In court documents filed in the Circuit Court for the City of Richmond, Cordish says it entered into an agreement in 2013 with the City of Norfolk to redevelop its failed Waterside District entertainment, nightlife, and dining complex.
Cordish argues that during the city’s tenure operating the marketplace, Waterside was losing as much as $3.3 million annually. By 2013, the Waterside facility was more than 90 percent vacant.
Cordish, through its LLC Norfolk District Associations (ND), contends that it signed on to revitalize the Waterfront, but with one major caveat — if Virginia legalized gambling, it would have first dibs on building a casino in the city.
That happened last year when the state passed, and Gov. Ralph Northam (D) signed, legislation allowing five economically challenged cities to allow voters to decide on whether to authorize a single casino resort. Norfolk met the qualifying criteria to hold a local ballot referendum on the issue, and it easily passed last November.
Cordish Seeking $100M
Norfolk shocked much of the gaming world when it decided to partner with the Pamunkey Indian Tribe on its casino project. The small Native American tribe has no experience building or operating any sort of casino, but does have the backing of billionaire Jon Yarbrough.
Yarbrough made his fortune in the Native American casino industry. He sold his company, Video Gaming Technologies, a manufacturer of Class II gaming machines, to Aristocrat Leisure in 2014 for $1.3 billion.

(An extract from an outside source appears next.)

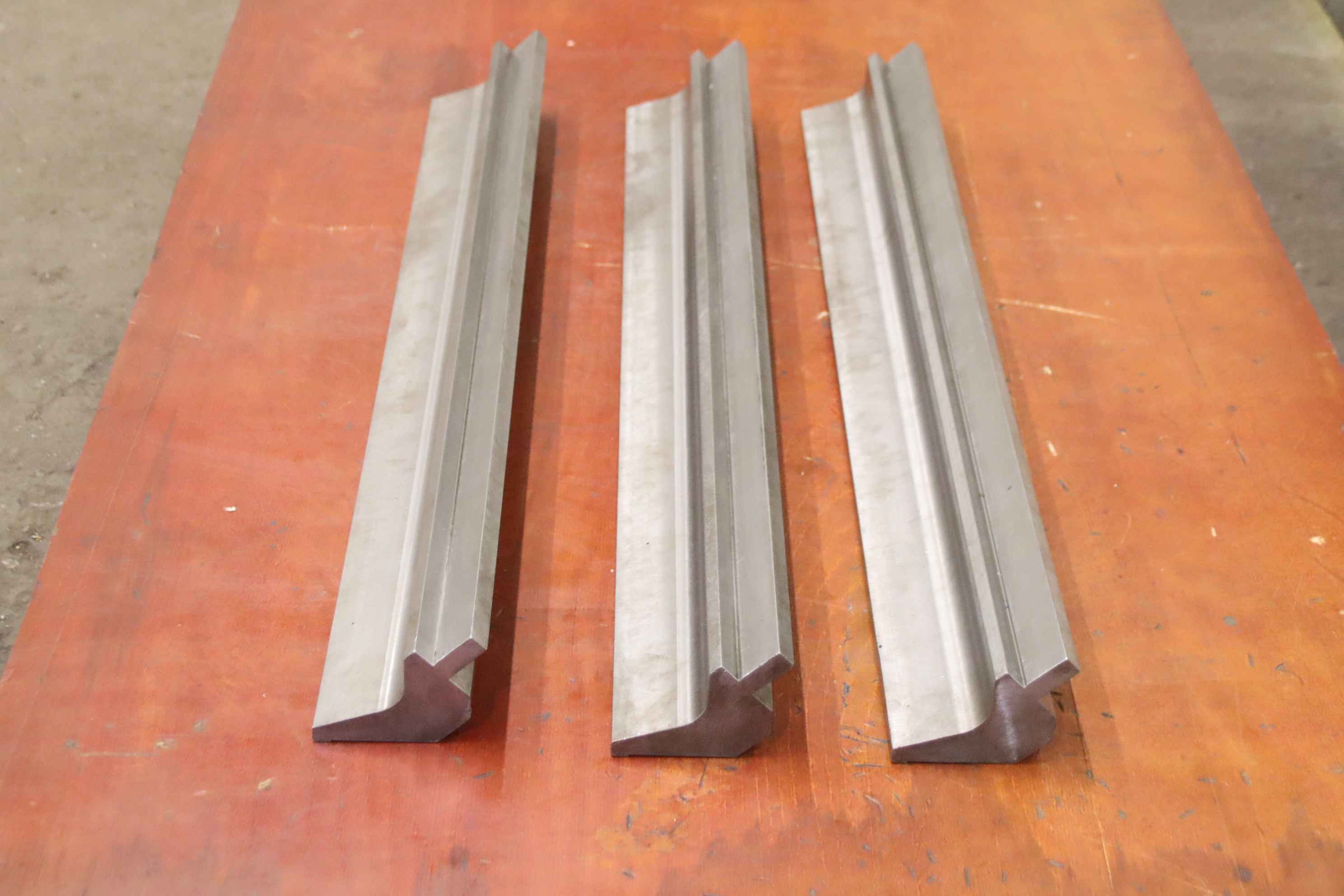 Bending tool, die, upper knife, upper tool, straight tool-Tool: for press brake, 3 parts-Tool angle: 90° / 3 mm flat-Dimensions: see drawing in the photos-Dimension: 75 x 119 mm-Total length: 2505 mm / 3 x 835 mm-Total weight: 63.2 kg

Yarbrough and the Pamunkey tribe are moving forward with a $500 million casino project located adjacent to the city’s Harbor Park baseball stadium. The resort site is just a short walk from the Waterfront District.
Cordish says it would have never agreed to redevelop Waterfront without the gaming clause. And with Norfolk going with Pamunkey, and allegedly violating its lease agreement, the company is seeking damages.
ND and its redevelopment contract were crystal clear: without the City’s commitment to make Cordish its exclusive developer for casino gaming, ND would not undertake the herculean task and significant economic risks of redeveloping The Waterside,” the complaint reads.
“As a result, ND has suffered significant damages, including lost opportunities and lost profits, and brings this Complaint to obtain justice from the Court and to publicly bring truth to light,” the lawsuit concludes.
Norfolk City Attorney Bernard Pishko rejected Cordish’s claims in a statement to 10 on Your Side in Norfolk.
“There complaint is not based in fact and is so defamatory that they asked that if I accepted their offer to receive a copy in advance in order to discuss settlement that I would have to agree to not sue them for defamation,” Pishko said.
“A filed lawsuit is generally exempted from defamation laws but a pre-filed complaint is not. Their central allegation that the Waterside lease provides for Cordish to be the exclusive gambling operator is fiction,” he added.